- To do
The lines below, from the one holding "Держитесь крепче: классика" through the final line, are to be copied exactly, with no other lines and no pictures.

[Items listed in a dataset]
[Start of section]

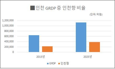인천 지역내총생산 대비 인천항 생산유발액의 비중은 2013년의 33.8%보다 0.1%포인트 증가다. 이는 생산유발액이 많이 늘어난 만큼 인천 지역내총생산(GRDP) 또한 늘어난 결과로 볼 수 있다.
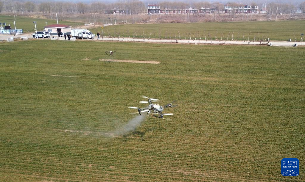近日,山东泰安新泰市天气转暖,小麦进入返青期,当地植保无人机飞手忙着在麦田开展无人机杂草防治、肥料喷施等作业。近年来,新泰市大力发展无人机植保服务,目前全市有持证植保无人机飞手100余名,可服务农田面积超过30万亩。
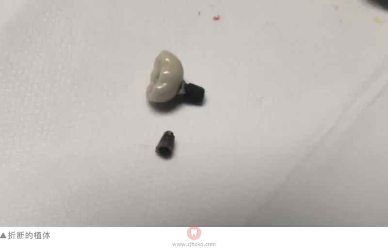 无奈之下,她经朋友介绍找到了杭口城西谷医生这里,希望能够找到牙冠松动的原因。经过医生仔细检查发现,程女士的种植牙植体已经“拦腰折断”,需要取出后重新种牙。
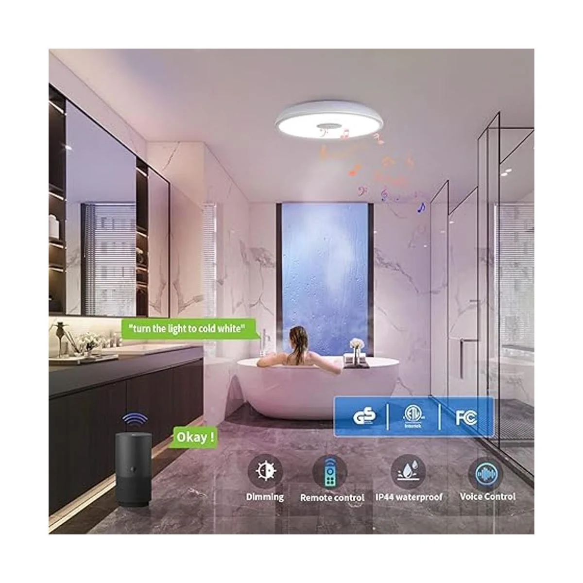 IP44 impermeable y resistente al polvo: grado impermeable IP44. Diseño sellado para evitar salpicaduras de agua y vapor de baño. Excelente rendimiento a prueba de polvo, fácil de limpiar, adecuado para interiores y exteriores, como baño y ducha
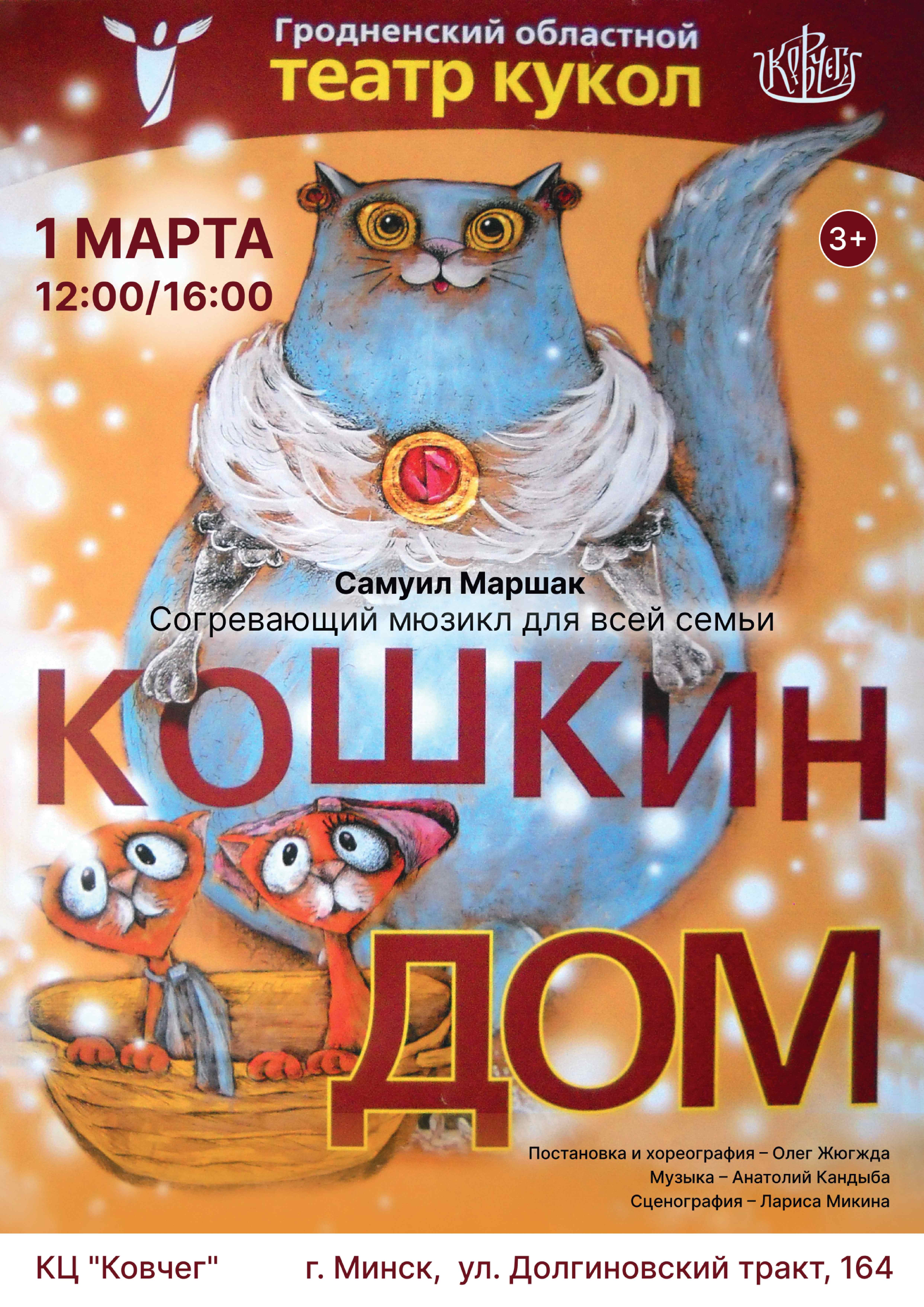 Держитесь крепче: классика детской литературы врывается каскадом музыки и танцев в нашем новом мюзикле! Знаменитый сюжет Самуила Маршака о «Тёте Кошке» и ее племянниках Гродненский областной театр кукол перенес в сатирический мир гламурного кошачьего поселка, где каждый «белый и пушистый»… пока не случится беда. Яркий и живой, этот мюзикл моментально разжигает в маленьких и больших сердцах главный огонь — огонь любви и сострадания.
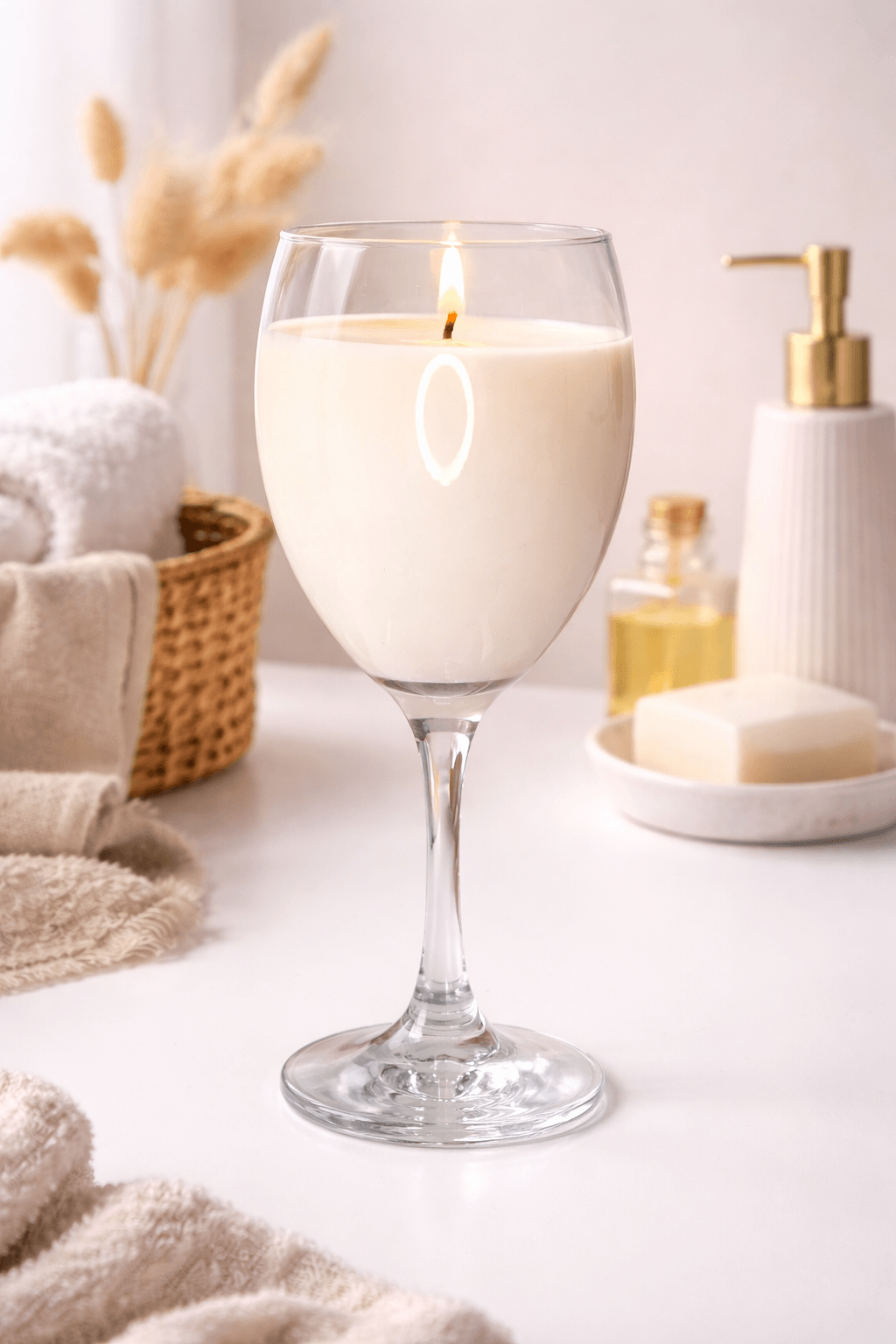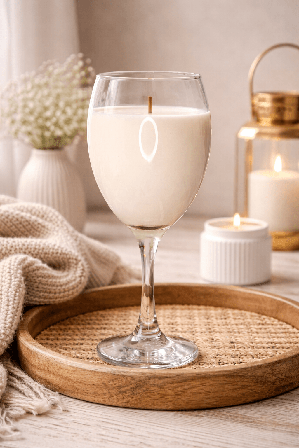 Transparentne szkło pięknie eksponuje wosk sojowy, a wysoka nóżka kieliszka nadaje całości lekkości i elegancji. Po zapaleniu świecy powstaje ciepłe, nastrojowe światło, które podkreśla klimat wnętrza i tworzy wyjątkową atmosferę.

[End of section]

- Solution to the problem
 Держитесь крепче: классика детской литературы врывается каскадом музыки и танцев в нашем новом мюзикле! Знаменитый сюжет Самуила Маршака о «Тёте Кошке» и ее племянниках Гродненский областной театр кукол перенес в сатирический мир гламурного кошачьего поселка, где каждый «белый и пушистый»… пока не случится беда. Яркий и живой, этот мюзикл моментально разжигает в маленьких и больших сердцах главный огонь — огонь любви и сострадания.
 Transparentne szkło pięknie eksponuje wosk sojowy, a wysoka nóżka kieliszka nadaje całości lekkości i elegancji. Po zapaleniu świecy powstaje ciepłe, nastrojowe światło, które podkreśla klimat wnętrza i tworzy wyjątkową atmosferę.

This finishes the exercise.